HAK-İŞ olarak uluslar arası arenadaki sendika ve konfederasyonlarla aynı dili konuşuyoruz. Bu nedenle Uluslararası Sendikalar Konfederasyonu (ITUC) ve Avrupa Sendikalar Konfederasyonu (ETUC)’un ortaklaşa kurdukları ve İngiltere’den Kazakistan’a kadar 50 ülkenin sendikasını içine alan PAN Avrupa Bölgesel Konseyi (PERC) gençlik komitesine HAK-İŞ Gençlik Kolları Başkanı ve HAK-İŞ Uzmanı Tuba BALCI Başkan Yardımcısı olarak seçildi.
Çeşitli ülkelerden 16 adayın yarıştığı başkan yardımcılığı seçimlerinde HAK-İŞ Gençlik Kolları Başkanı 2. en büyük oyu alarak 3 başkan yardımcısından biri oldu. BALCI’nın PERC Başkan Yardımcılığına seçilmesi HAK-İŞ’in uluslararası sendikal alandaki itibarını, etkinliğini ve gücünü ortaya koymuştur.

Genç kadın ve erkekler sendikal hareketin geleceğidir. Ancak işsizlikten, eğitimsizlikten, sömürüden ve işyerinde ayrımcılıktan en fazla etkilenen kesimi de onlar oluşturmaktadır. Gençlerin endişeleri ile beklentileriyle ilgilenmek, onların sendikalara katılımlarını sağlamak aynı zamanda sendikal hareketin geleceğini oluşturmak ve güçlendirmektir. Gençliğin örgütlülüğünün artırılması için sendikal kültür ile tanıştırılmaları gerekmektedir. Sendikaların ve STK’ların gençleri özendirici destekte bulunmaları gerekmektedir. Bu politika önerilerinin gençlerle birlikte tartışılması, bu konularda aksayan hususların onların gözünden değerlendirilmesi ve önerilerinin alınması yol haritasına daha güçlü bir belge özelliği kazandıracaktır. Türkiye, genç nüfusunu geleceğin insan onuruna yaraşır iş pozisyonlarına hazırlayacak bir eğitim sistemini ve iyi/düzgün işler yaratan bir işgücü piyasasını geliştirebildiği takdirde, tarihi bir fırsatı etkin şekilde değerlendirmiş olacaktır.

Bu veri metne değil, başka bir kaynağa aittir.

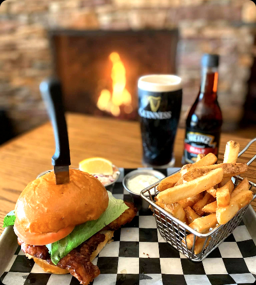 With Irish selections of Bangers and Mashed, Shepherd’s Pie, and Irish Boxty’s (Boxty’s are the Irish version of Potato Pancakes), and American cuisine including half pound burgers, variety of sandwiches, salads and great appetizers to share with friends.

Bir sendikacı olarak düşünürsek, odaklanmamız gereken 6 nokta bulunmakta ve bunlar üzerinde pratik olarak çalışmamız gerekmektedir;
* Sendikanızın gençlere ve genç üyelerinize yönelik gerçekleştirdiği çalışmalar nelerdir?
* Sendikanız Ana Tüzüğünde genç odaklı hangi düzenlemeler yer alıyor?

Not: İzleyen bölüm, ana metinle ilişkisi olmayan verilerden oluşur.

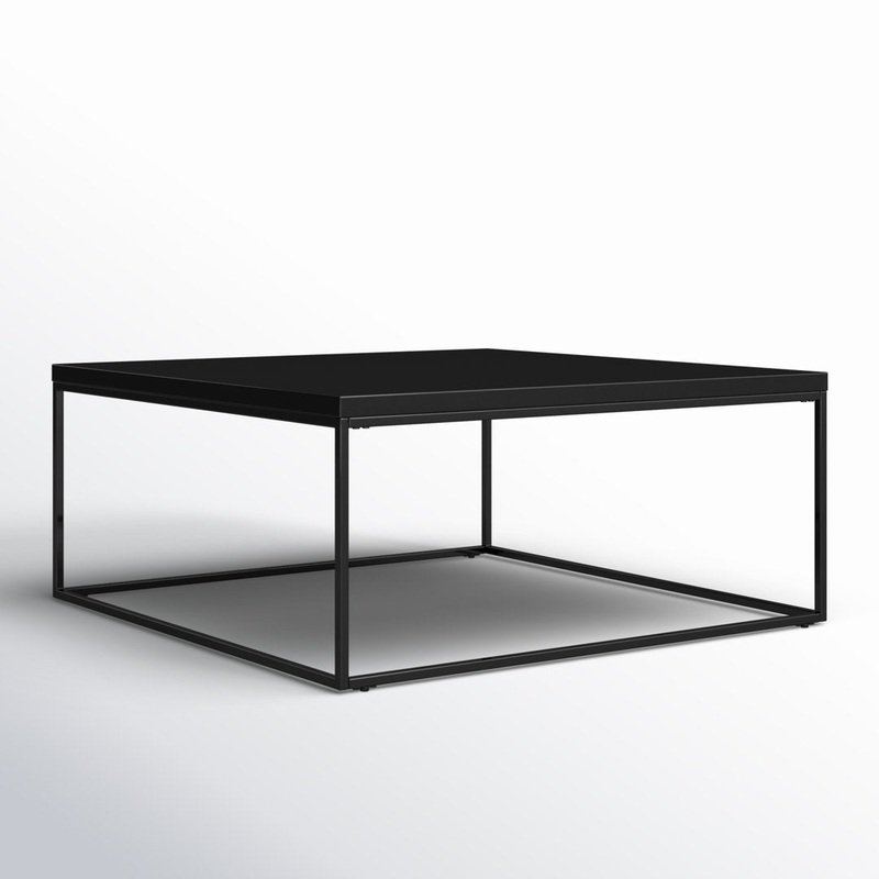 A clean-lined silhouette and an airy frame define this coffee table that’s full of mid-century modern flair. Measuring 35.5″ square, it has an open steel frame base with a brushed finish that stands out in your living room. The tabletop is made from engineered wood with a glossy finish, and it comes in a neutral tone that blends in nicely with a variety of styles and color palettes. This table offers plenty of surface space for laying out snap-worthy appetizers or a tray of your favorite drinks. Full assembly is required, and all tools are included. Wade Logan Color: Black

* Genç üyelerinizin çalışma hayatında karşılaştığı 5 Temel sorun alanı nedir?
* Toplu İş Sözleşmesi müzakerelerine genç üye katılımı nasıl arttırılabilir?

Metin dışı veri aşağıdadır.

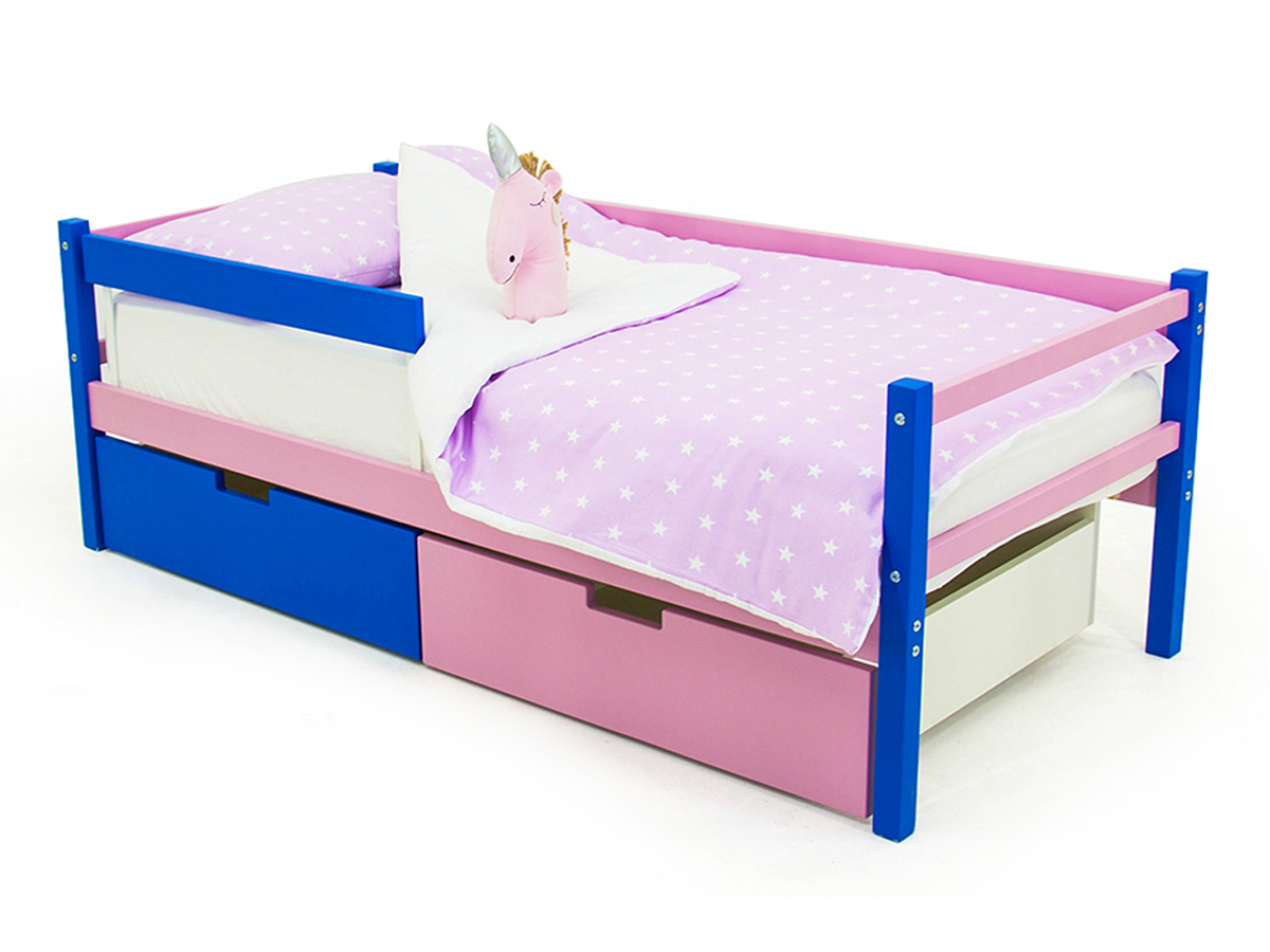 Кровать-тахта Svogen с ящиками и бортиком синий-лаванда

* Gençlerin sendikalara kazandırılması için neler yapılmalıdır? 
* Sendikanızdaki genç üyeler sendikal faaliyetlerde aktif bir görevde yer alıyorlar mı? Genç üyelerin daha aktif görevlerde yer alması için neler yapılmalıdır?

HAK-İŞ, gündelik çalışmalarını bu çerçevede yoğunlaştırmakta ve sürdürmektedir.